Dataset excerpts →
━━━━━━━━━━━━━━━━━━━━━━━━━━━━━━
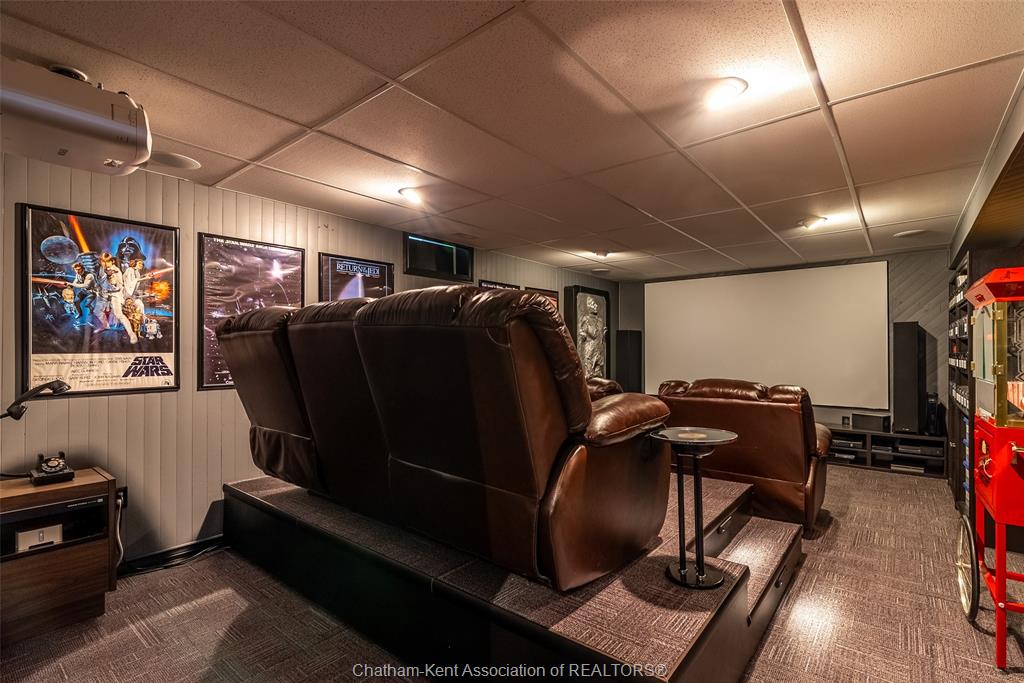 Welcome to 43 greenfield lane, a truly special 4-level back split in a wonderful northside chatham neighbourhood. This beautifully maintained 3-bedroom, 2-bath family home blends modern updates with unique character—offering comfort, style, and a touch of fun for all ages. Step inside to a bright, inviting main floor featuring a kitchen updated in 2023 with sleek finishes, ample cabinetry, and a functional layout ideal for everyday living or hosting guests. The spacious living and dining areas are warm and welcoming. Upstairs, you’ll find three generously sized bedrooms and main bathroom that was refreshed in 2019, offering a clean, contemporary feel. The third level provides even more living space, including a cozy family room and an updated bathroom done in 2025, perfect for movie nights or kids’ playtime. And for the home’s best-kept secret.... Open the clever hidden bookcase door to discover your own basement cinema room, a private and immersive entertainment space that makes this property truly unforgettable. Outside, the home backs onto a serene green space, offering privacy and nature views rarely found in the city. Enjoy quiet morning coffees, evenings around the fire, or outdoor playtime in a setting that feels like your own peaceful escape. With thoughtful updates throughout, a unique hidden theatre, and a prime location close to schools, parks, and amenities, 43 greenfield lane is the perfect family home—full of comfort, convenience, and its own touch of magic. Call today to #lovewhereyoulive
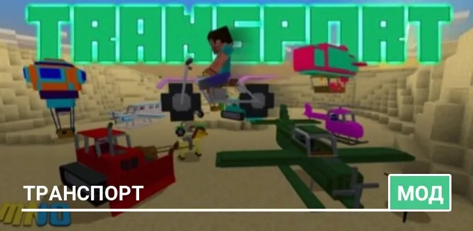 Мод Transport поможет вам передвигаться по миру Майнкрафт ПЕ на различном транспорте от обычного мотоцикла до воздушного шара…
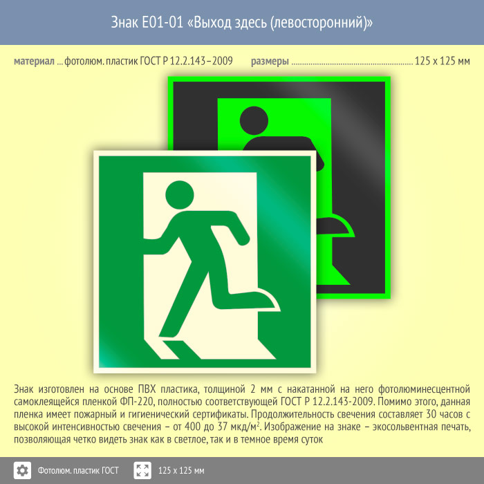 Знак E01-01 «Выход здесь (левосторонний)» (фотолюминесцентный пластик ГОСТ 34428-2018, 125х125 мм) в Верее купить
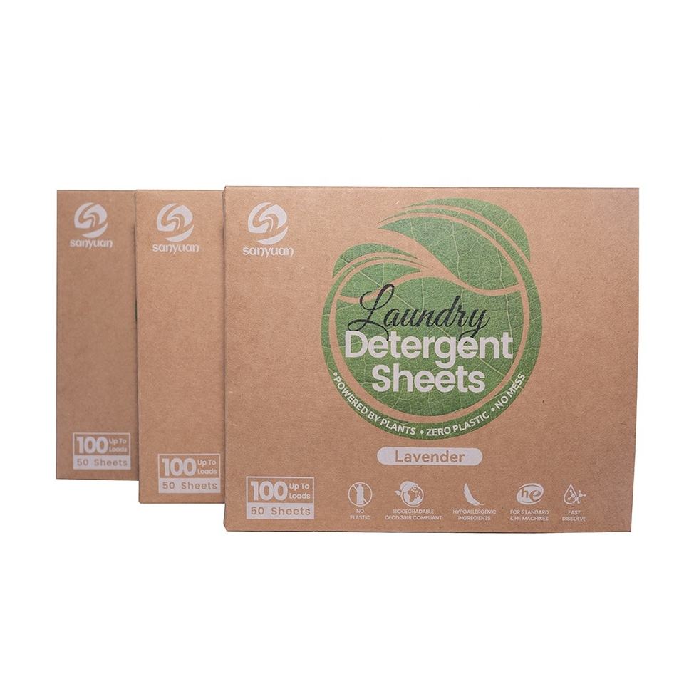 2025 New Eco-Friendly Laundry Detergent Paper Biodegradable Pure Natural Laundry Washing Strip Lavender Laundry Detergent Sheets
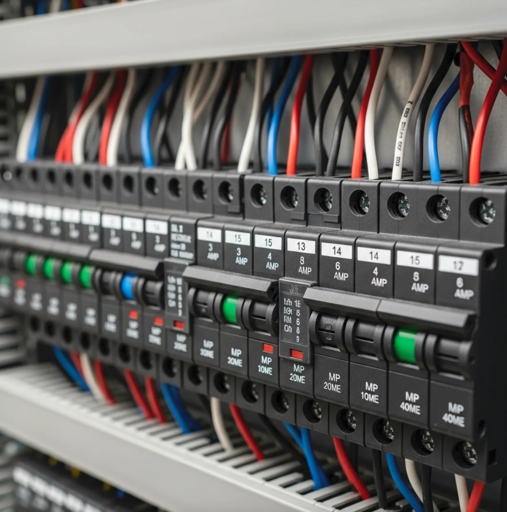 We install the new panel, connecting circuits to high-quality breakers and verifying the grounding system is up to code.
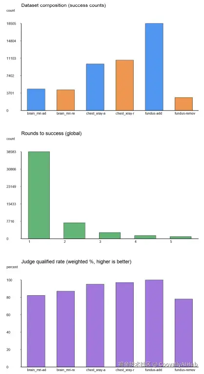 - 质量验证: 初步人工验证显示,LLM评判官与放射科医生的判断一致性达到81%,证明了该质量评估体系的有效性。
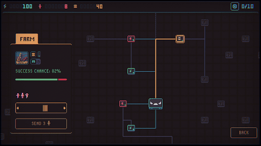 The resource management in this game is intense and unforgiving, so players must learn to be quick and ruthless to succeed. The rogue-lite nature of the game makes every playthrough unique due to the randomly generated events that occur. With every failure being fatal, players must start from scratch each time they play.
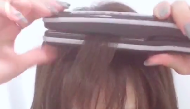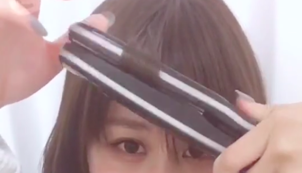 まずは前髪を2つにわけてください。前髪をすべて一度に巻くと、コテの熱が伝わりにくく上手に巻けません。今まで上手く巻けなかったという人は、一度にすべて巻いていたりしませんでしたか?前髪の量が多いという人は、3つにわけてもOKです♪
━━━━━━━━━━━━━━━━━━━━━━━━━━━━━━
DIRECTIONS →
Copy the data verbatim, skipping any image it holds.

EXERCISE RESPONSE →
 Welcome to 43 greenfield lane, a truly special 4-level back split in a wonderful northside chatham neighbourhood. This beautifully maintained 3-bedroom, 2-bath family home blends modern updates with unique character—offering comfort, style, and a touch of fun for all ages. Step inside to a bright, inviting main floor featuring a kitchen updated in 2023 with sleek finishes, ample cabinetry, and a functional layout ideal for everyday living or hosting guests. The spacious living and dining areas are warm and welcoming. Upstairs, you’ll find three generously sized bedrooms and main bathroom that was refreshed in 2019, offering a clean, contemporary feel. The third level provides even more living space, including a cozy family room and an updated bathroom done in 2025, perfect for movie nights or kids’ playtime. And for the home’s best-kept secret.... Open the clever hidden bookcase door to discover your own basement cinema room, a private and immersive entertainment space that makes this property truly unforgettable. Outside, the home backs onto a serene green space, offering privacy and nature views rarely found in the city. Enjoy quiet morning coffees, evenings around the fire, or outdoor playtime in a setting that feels like your own peaceful escape. With thoughtful updates throughout, a unique hidden theatre, and a prime location close to schools, parks, and amenities, 43 greenfield lane is the perfect family home—full of comfort, convenience, and its own touch of magic. Call today to #lovewhereyoulive
 Мод Transport поможет вам передвигаться по миру Майнкрафт ПЕ на различном транспорте от обычного мотоцикла до воздушного шара…
 Знак E01-01 «Выход здесь (левосторонний)» (фотолюминесцентный пластик ГОСТ 34428-2018, 125х125 мм) в Верее купить
 2025 New Eco-Friendly Laundry Detergent Paper Biodegradable Pure Natural Laundry Washing Strip Lavender Laundry Detergent Sheets
 We install the new panel, connecting circuits to high-quality breakers and verifying the grounding system is up to code.
 - 质量验证: 初步人工验证显示,LLM评判官与放射科医生的判断一致性达到81%,证明了该质量评估体系的有效性。
 The resource management in this game is intense and unforgiving, so players must learn to be quick and ruthless to succeed. The rogue-lite nature of the game makes every playthrough unique due to the randomly generated events that occur. With every failure being fatal, players must start from scratch each time they play.
 まずは前髪を2つにわけてください。前髪をすべて一度に巻くと、コテの熱が伝わりにくく上手に巻けません。今まで上手く巻けなかったという人は、一度にすべて巻いていたりしませんでしたか?前髪の量が多いという人は、3つにわけてもOKです♪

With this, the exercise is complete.